After the Rising
This beautifully written literary novel describes the impact of the 1916 Irish Rising against British rule in a complex plot across several time frames. Jo Devereux, returning to Wexford for her mother’s funeral after 20 years of self-imposed exile abroad, is tasked to write the family history from a suitcase of old letters and diaries. Slowly Jo unravels family secrets that tore her country and community apart in the 1920s, explaining the bitter rift between her family and that of her first love, Rory. The process helps her come to terms with the crisis in her own life and to move on.
No history book could reveal with as much compassion the impact of the Irish conflict on successive generations. Although the novel explains the political background subtly and effectively, its greatest power is to convey the human suffering of individuals: lovers and soul-mates parted by political enmity, parents torn apart by the loss of their children dying for the cause, siblings who should have been each other’s comforters turned into strangers.
This expertly crafted novel is an important work in terms of Irish social history, but it will also be enjoyed by anyone who appreciates intelligent and profound family sagas that make the reader count his own blessings.

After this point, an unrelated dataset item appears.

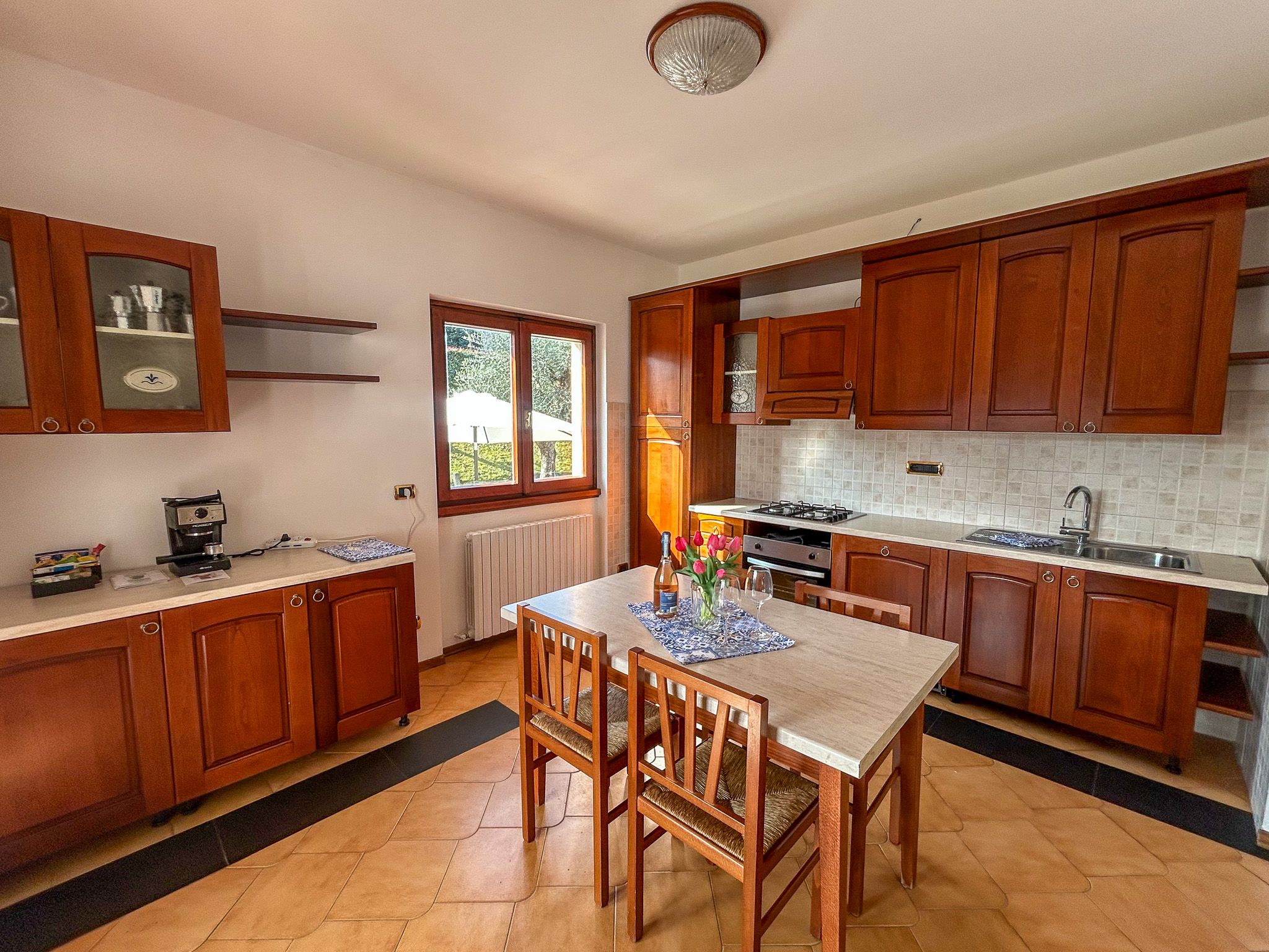 Sie gelangen in die Ferienwohnung auf der bergseitigen Rückseite des Hauses über die überdachte Veranda direkt in die helle, geräumige Küche. Die Wohnung ist schlicht und stilvoll eingerichtet und gewinnt durch lichtdurchflutete Räume mit charmanten lombardischen Holzmöbeln.

The first in a trilogy, this book is professionally produced. My only quibble is with the cover, which, although elegant, is too obscure. The image of an anonymous hand rising above a wave, with no reference to the wider themes of the book, just made me think of Stevie Smith’s poem about suicide, “Not Waving But Drowning”. Without at least a subtitle referring to the Irish themes to engage appropriate readers, it will be harder for this novel to earn the place it deserves as a modern classic on 20th century Irish social history.